Étudier l’influence du retrait des glaciers du Yukon sur les ressources en eau
Pour la troisième année consécutive, l’équipe du professeur Baraër s’est rendue dans les hautes vallées yukonaises afin d’y étudier l’hydrologie proglaciaire. Ces vallées, dont l’hydrologie est très complexe, jouent un rôle très important dans la régulation des ressources en eau, la production hydroélectrique ainsi que dans le maintien des écosystèmes de la région subarctique en Amérique du Nord.
Les glaciers : premières victimes des changements climatiques
Les glaciers peuvent être vus comme des machines à glace naturelles dont la taille est liée à l’équilibre qui existe entre les précipitations neigeuses et les températures de l’air, principalement. La neige qui tombe sur la partie supérieure des glaciers (zone d’accumulation) en hivers ne fond pas entièrement durant l’été, car les températures de l’air y sont froides. Elle se transforme lentement en glace au fur et à mesure qu’elle se trouve ensevelie par de la neige plus récente. La gravité permet à cette glace de s’écouler telle une véritable rivière solide. Lorsque celle-ci atteint des altitudes moins élevées (zone d’ablation), la température d’air plus élevée qu’il y règne ne permet plus au manteau neigeux hivernal de survivre à l’été et la glace, ainsi mise à nu, fond.
Toute évolution de la température de l’air et/ou du type de précipitation conduit à un gain ou à une perte de masse des glaciers, ce qui en fait des indicateurs très sensibles de changements climatiques.
Cet été, les glaciers des sites d’étude étaient tous dans des états de fonte généralisée, montrant de la glace nue dans les zones d’accumulation. En d’autres mots, la « machine à glace » était arrêtée, ce qui signifie que leur recul va plus que probablement se poursuivre dans les prochaines années.
En reculant, les glaciers de cette région laissent dans les zones libérées des blocs de glace enfouis sous des débris. Cette glace, isolée des radiations du Soleil, va fondre doucement et contribuer aux ressources hydriques. À ce jour, on ne connaît que très mal l’étendue de ces masses de glaces enterrées de même que l’influence qu’elles auront sur les rivières environnantes. Y a-t-il suffisamment de glace enterrée pour atténuer l’effet de la disparation des glaciers pendant un temps? Quelle est leur influence sur les débits des rivières? C’est sur ces questions que portait la majorité des activités scientifiques de la dernière expédition de l’équipe du professeur Baraër au Yuko.
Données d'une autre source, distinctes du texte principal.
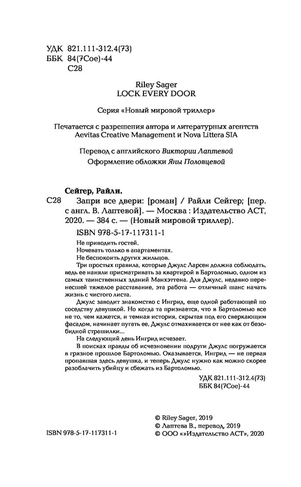 💳 Оплатить за товар можно при получении 🇰🇿 Есть бесплатная доставка по Казахстану от 1 дня 🎁 Копите бонусы с каждой покупки Серия: Новый мировой триллер Не приводить гостей. Ночевать только в апартаментах. Не беспокоить других жильцов. Три простых правила, которые Джулс Ларсен должна соблюдать, ведь ее наняли присматривать за квартирой в Бартоломью, одном из самых таинственных зданий Манхэттена. Для Джулс, недавно перенесшей тяжелое расставание, эта работа — отличный шанс начать жизнь с чистого листа. Джулс заводит знакомство с Ингрид, еще одной работающей по соседству девушкой. Но когда та признается, что в Бартоломью все не то, чем кажется, и темная история, скрытая под его сверкающим фасадом, начинает пугать ее, Джулс отмахивается от нее как от безобидной страшилки... На следующий день Ингрид исчезает. В поисках правды об исчезновении подруги Джулс погружается в грязное прошлое Бартоломью. Оказывается, Ингрид — не первая пропавшая здесь девушка, и теперь Джулс нужно как можно скорее разоблачить убийцу и сбежать из Бартоломью. |

Un environnement isolé et ardu
Cette année deux vallées étaient au programme de l’expédition : « Upper-Duke » et « Grizzly Creek ». Les activités de recherche comprenaient donc l’étude multitechnique des glaces enterrées (géophysique, imagerie infrarouge, analyses isotopiques), l’installation de nouvelles stations météo et hydrométriques, la maintenance des instruments de mesure déjà en place et l’analyse hydrochimique et isotopique des constituants des eaux de surface.
Anna Chesnokova, candidate au doctorat à l’ÉTS et responsable du programme scientifique de l’expédition, et Pierrick Lamontagne-Hallée, étudiant au doctorat à l’université McGill et spécialiste en géophysique, constituaient, avec le professeur Baraër, l’équipe de recherche cette année. La grande majorité des activités de recherche prévues au programme ont été accomplies avec succès. Cette réussite est à souligner, car les conditions opératoires ardues et l’isolement de l’équipe de recherche durant les 16 jours de l’expédition ont rendu les activités scientifiques bien plus difficiles à réaliser que dans un environnement plus standard.
Cela prendra presque six mois à l’équipe à analyser, à interpréter et à publier l’ensemble des données collectées sur le terrain, mais l’on peut déjà qualifier ces éléments de très prometteurs. Ceux-ci permettront possiblement de mieux comprendre l’hydrologie de ces hautes vallées yukonaises et de mieux anticiper les changements importants qui vont affecter les ressources en eau du territoire dans les décennies à venir.